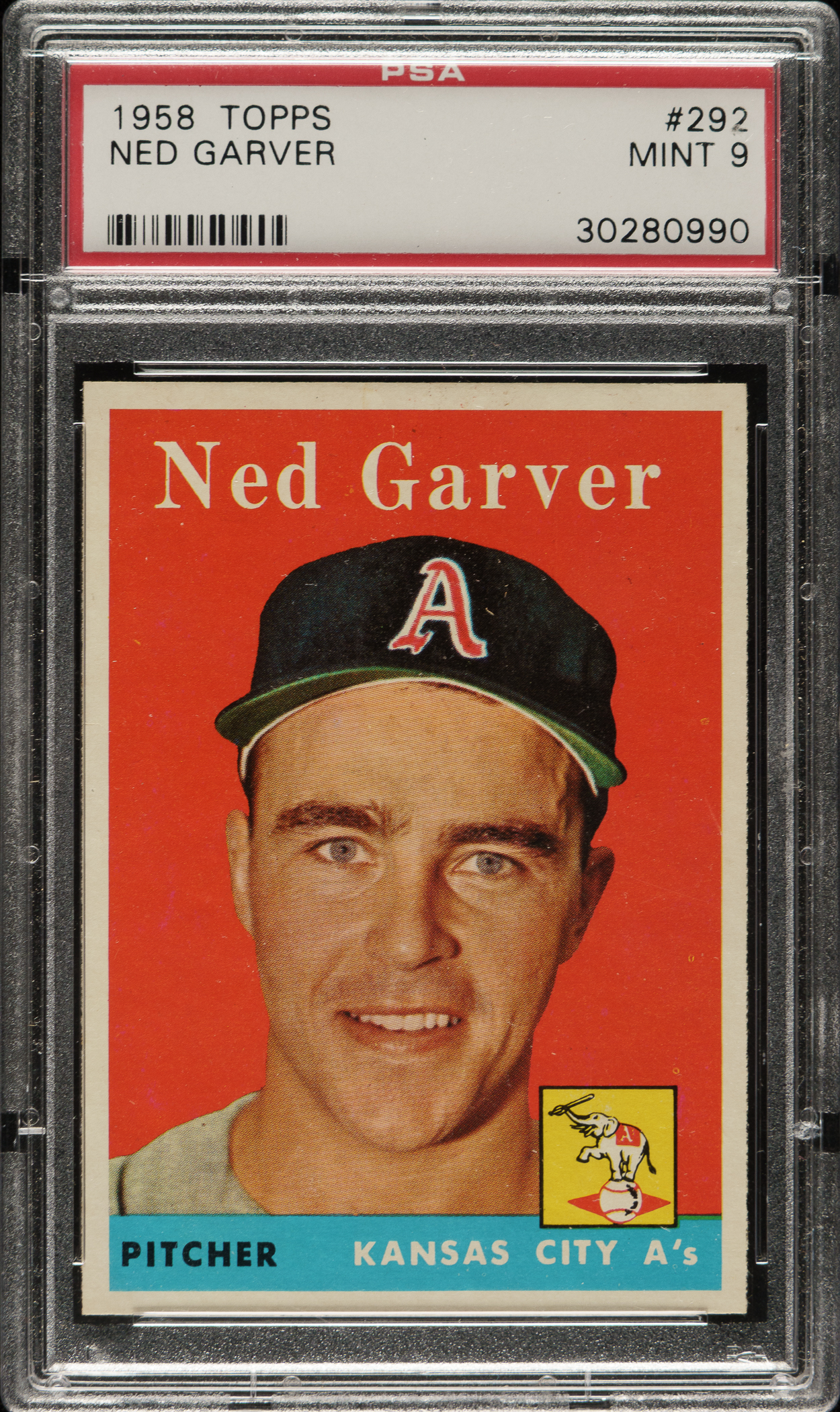 Graded MINT 9 by PSA. Kansas City Athletics. Only one example has been graded higher by PSA to date.
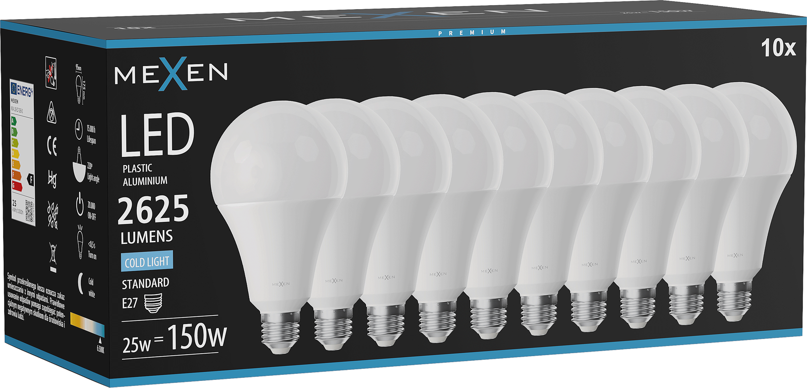 Mexen Nova 10x LED izzó E27, A95, 25W, Hideg - 6500K, 2625 lm - L100-E27-2565-01x10
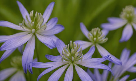 Close up of a row of camassia flowers in bloom
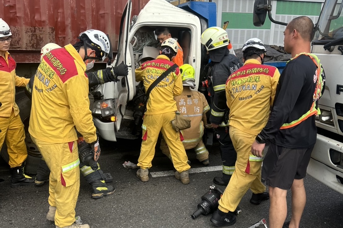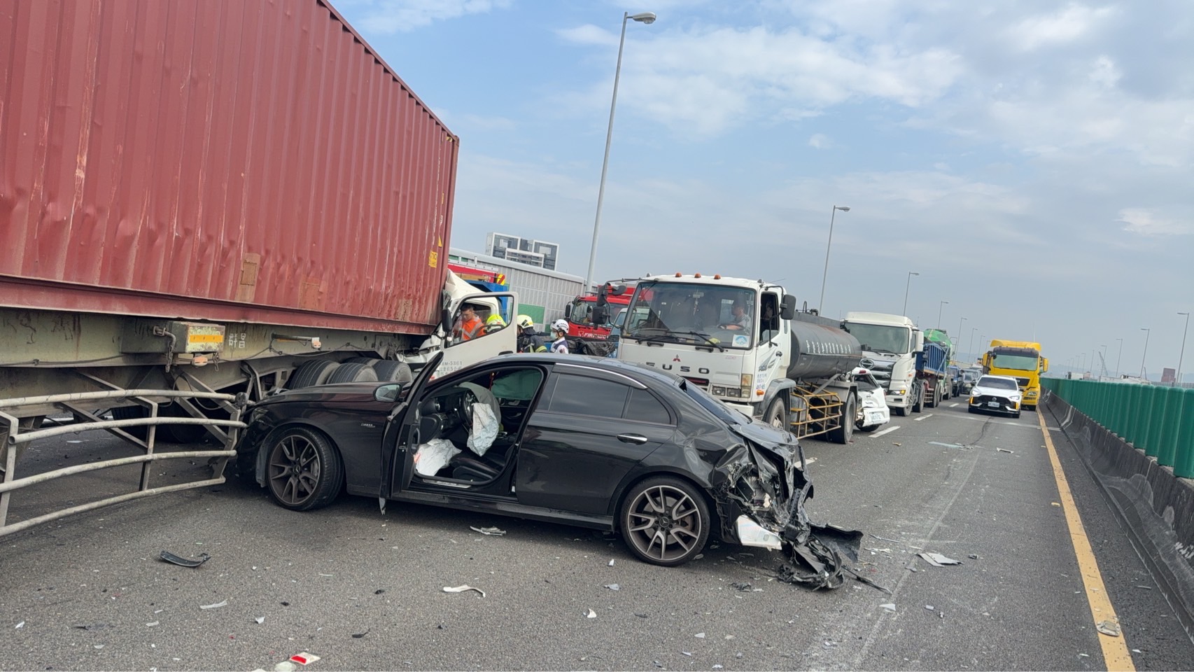 國道10號西向3.9K今(4)日上午9時許發生嚴重車禍,現場初估7車追撞,包含4大車、1小貨、2自小客,高市消防局獲報後出動特搜兩個分隊前往搶救,目前狀況仍不明朗,後方持續回堵當中,至於詳細情形還有待進一步釐清。

_Exercise_
Nothing but the lines from the one containing "Close up of" through the last line of the data should appear in the answer, copied exactly, with pictures excluded.

_Problem solution_
 Close up of a row of camassia flowers in bloom
 國道10號西向3.9K今(4)日上午9時許發生嚴重車禍,現場初估7車追撞,包含4大車、1小貨、2自小客,高市消防局獲報後出動特搜兩個分隊前往搶救,目前狀況仍不明朗,後方持續回堵當中,至於詳細情形還有待進一步釐清。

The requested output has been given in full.